Revista Rua

2020-10-14T15:52:24+00:00 Cinema, Cultura

As 11 promessas da representação nacional. Conhece estes atores?

São jovens, talentosos, com percurso no teatro, na televisão e até no cinema. Confira a nossa lista!
Redação
Redação10 Outubro, 2020
As 11 promessas da representação nacional. Conhece estes atores?
São jovens, talentosos, com percurso no teatro, na televisão e até no cinema. Confira a nossa lista!

Se existe algo em Portugal é talento. Com atores a começar a sua carreira, outros a fortalece-la e alguns a dar que falar além-fronteiras, a RUA está atenta e pretende acompanhá-los. Já ouviu falar deles?

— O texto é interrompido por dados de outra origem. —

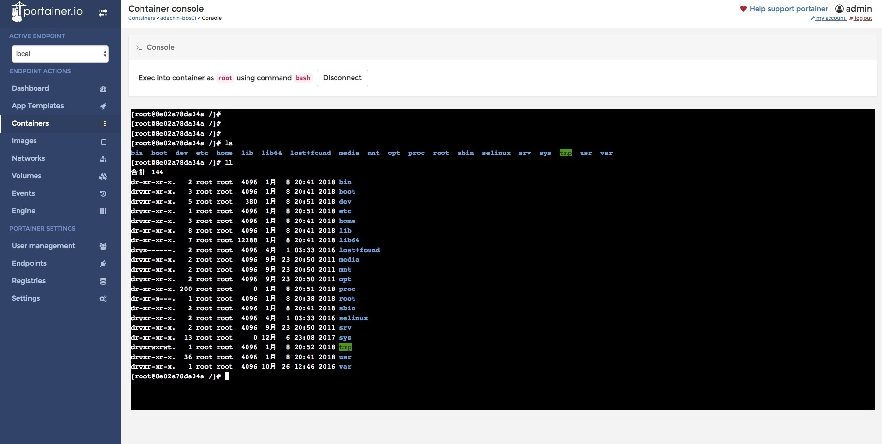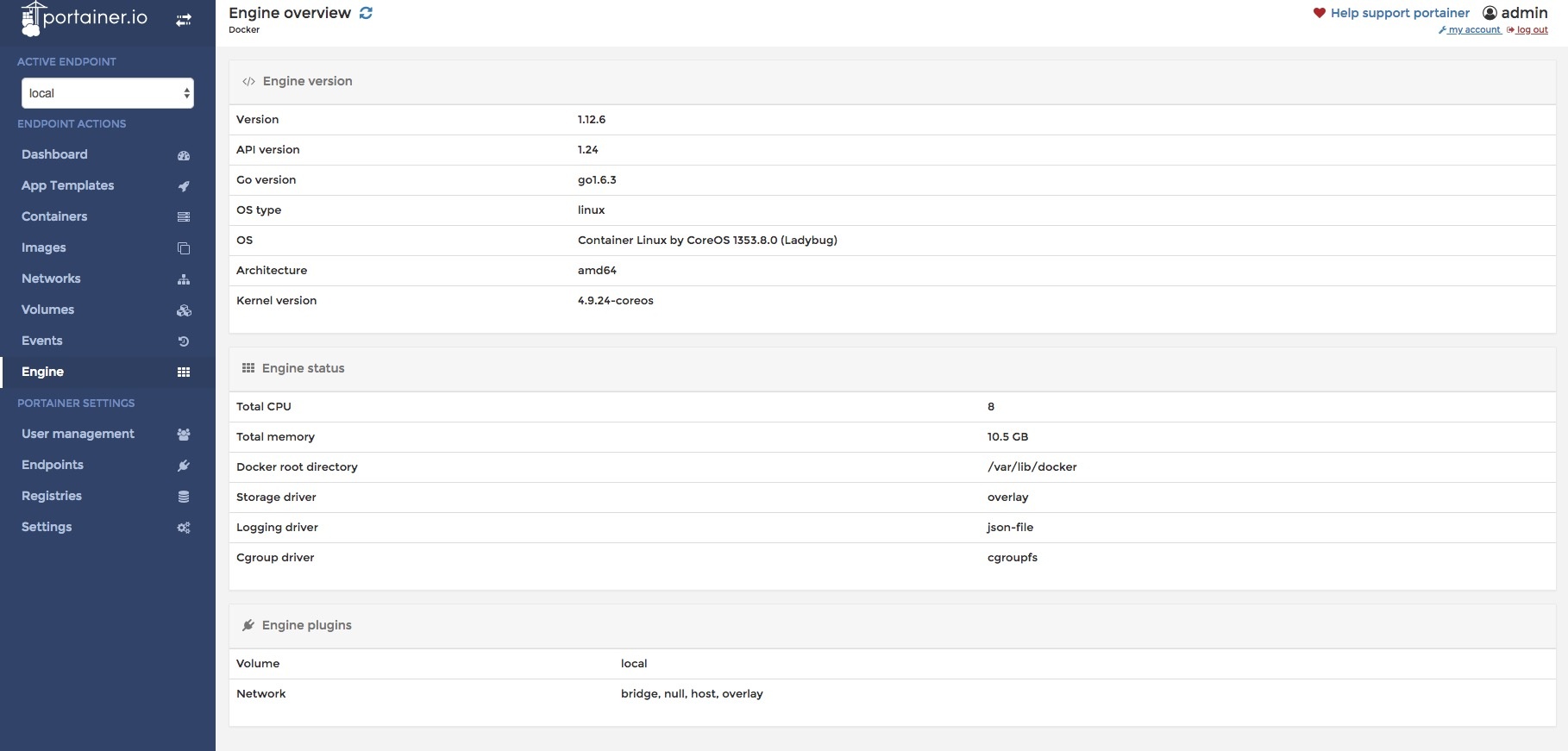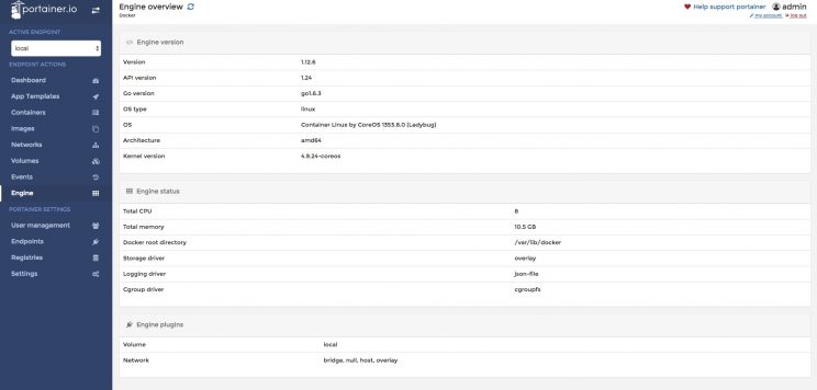 Portainerのバージョンやdockerホストのスペックなどさらに詳細が確認できます。
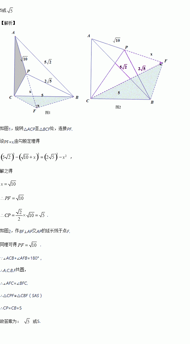 如图,△ABC中,∠ACB=90,BC=6cm,AC=8cm ,动点P从△ABC的顶点A出发,以2cm/s的速度向B点运动,连接CP,设点P的运动时间为t(单位:s),则当t的时间为__________时,△BCP为等腰三角形。

Alba Baptista, a primeira protagonista portuguesa da Netflix

É, talvez, a artista atualmente mais conhecida pela sua participação na série Warrior Nun, em que protagonizou Ava. Alba nasce em julho de 1997 em Lisboa, filha de brasileiros, provenientes do Rio de Janeiro. É fluente em inglês, espanhol, francês e alemão. A sua paixão pela representação já a acompanha desde os 15 anos. Em 2014, estreia-se na curta-metragem Miami de Simão Cayatta, na qual interpretou Raquel. Admite ter sido a partir deste filme que descobriu que a representação seria o caminho a seguir. “Na verdade, foi por causa de Miami que eu percebi que amo isto e que quero explorar, aprender e crescer”, afirmou. Nesse mesmo ano, estreia-se em televisão na novela Jardins Proibidos, onde interpretou Inês Correia. Em 2016, dá vida a Beatriz Varela, na novela da TVI A Impostora e em 2017 estreia-se na RTP1 com a série Filha da Lei, em que faz um papel mais “ousado”, interpretando Sara Garcia, uma bissexual. Também participou em Madre Paula e Sim, Chef. Neste início de carreira, Alba admite que a sorte é um fator importante, mas não preponderante. “Ao início é sempre preciso sorte. É a vida a dar-te um empurrão. E o difícil não é chegar a esta indústria, o difícil é permanecer”, realça Alba.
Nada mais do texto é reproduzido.